--- Problem details ---
Set down, word for word, every line of the material below from the one containing "En regardant dans" through the one containing "Philipp Plein GMT-I", but none of its pictures.

--- Materials provided ---
□ □ □ □

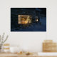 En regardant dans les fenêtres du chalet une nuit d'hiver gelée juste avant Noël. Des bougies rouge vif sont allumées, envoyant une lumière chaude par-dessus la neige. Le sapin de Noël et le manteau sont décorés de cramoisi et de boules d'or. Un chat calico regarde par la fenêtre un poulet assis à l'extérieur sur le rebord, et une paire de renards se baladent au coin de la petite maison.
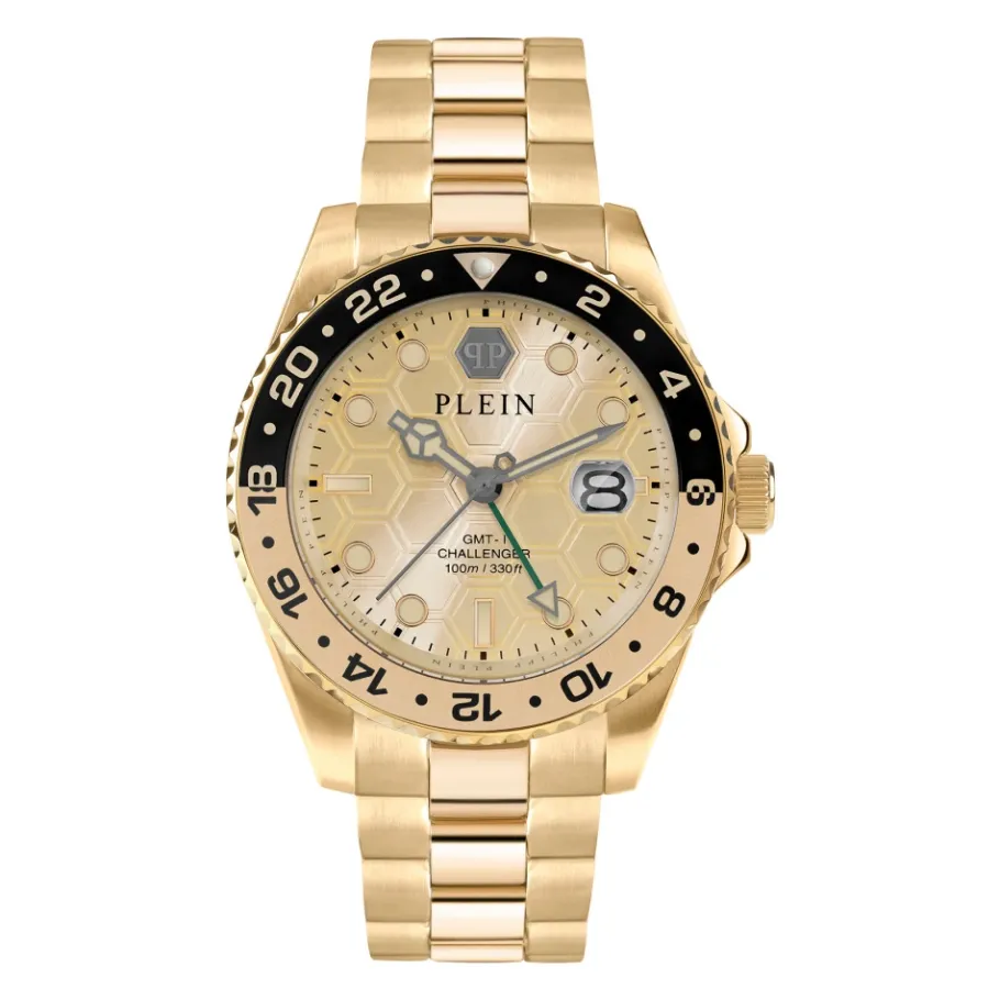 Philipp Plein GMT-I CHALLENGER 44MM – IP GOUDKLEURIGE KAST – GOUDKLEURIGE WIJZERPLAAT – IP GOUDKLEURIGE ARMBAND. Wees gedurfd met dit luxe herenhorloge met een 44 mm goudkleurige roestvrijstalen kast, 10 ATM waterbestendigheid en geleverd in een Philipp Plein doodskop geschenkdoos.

□ □ □ □

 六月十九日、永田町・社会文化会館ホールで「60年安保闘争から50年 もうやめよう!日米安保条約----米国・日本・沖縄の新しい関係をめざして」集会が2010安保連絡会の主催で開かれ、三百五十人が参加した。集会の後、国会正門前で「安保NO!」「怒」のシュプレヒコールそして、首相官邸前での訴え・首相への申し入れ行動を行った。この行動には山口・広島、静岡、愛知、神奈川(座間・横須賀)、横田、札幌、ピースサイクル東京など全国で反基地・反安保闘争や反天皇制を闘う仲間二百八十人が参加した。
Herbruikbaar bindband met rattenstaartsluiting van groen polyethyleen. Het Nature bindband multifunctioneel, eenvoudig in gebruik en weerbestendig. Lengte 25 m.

□ □ □ □

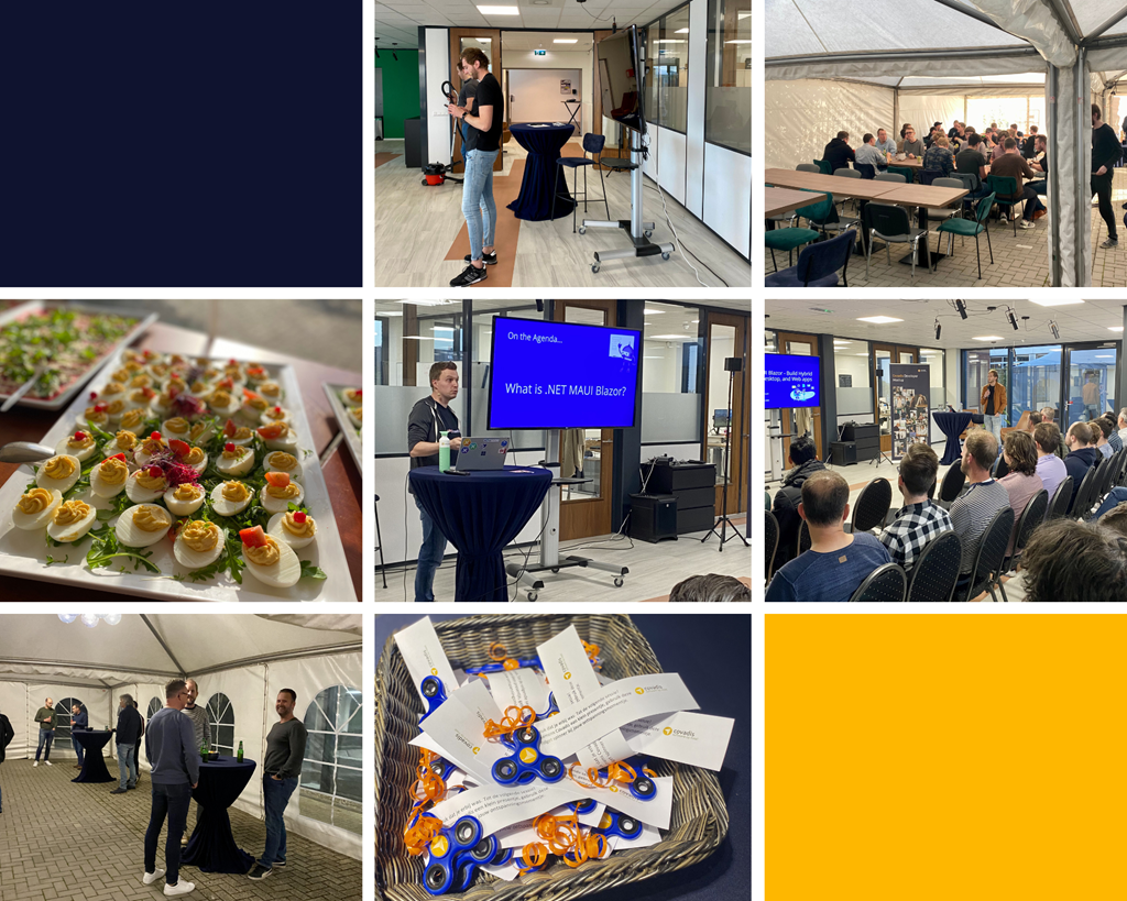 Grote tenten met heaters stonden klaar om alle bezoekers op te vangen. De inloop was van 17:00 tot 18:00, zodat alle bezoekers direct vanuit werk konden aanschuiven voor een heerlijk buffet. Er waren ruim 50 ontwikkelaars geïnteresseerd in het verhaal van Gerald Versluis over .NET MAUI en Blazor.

□ □ □ □

--- Task output ---
 En regardant dans les fenêtres du chalet une nuit d'hiver gelée juste avant Noël. Des bougies rouge vif sont allumées, envoyant une lumière chaude par-dessus la neige. Le sapin de Noël et le manteau sont décorés de cramoisi et de boules d'or. Un chat calico regarde par la fenêtre un poulet assis à l'extérieur sur le rebord, et une paire de renards se baladent au coin de la petite maison.
 Philipp Plein GMT-I CHALLENGER 44MM – IP GOUDKLEURIGE KAST – GOUDKLEURIGE WIJZERPLAAT – IP GOUDKLEURIGE ARMBAND. Wees gedurfd met dit luxe herenhorloge met een 44 mm goudkleurige roestvrijstalen kast, 10 ATM waterbestendigheid en geleverd in een Philipp Plein doodskop geschenkdoos.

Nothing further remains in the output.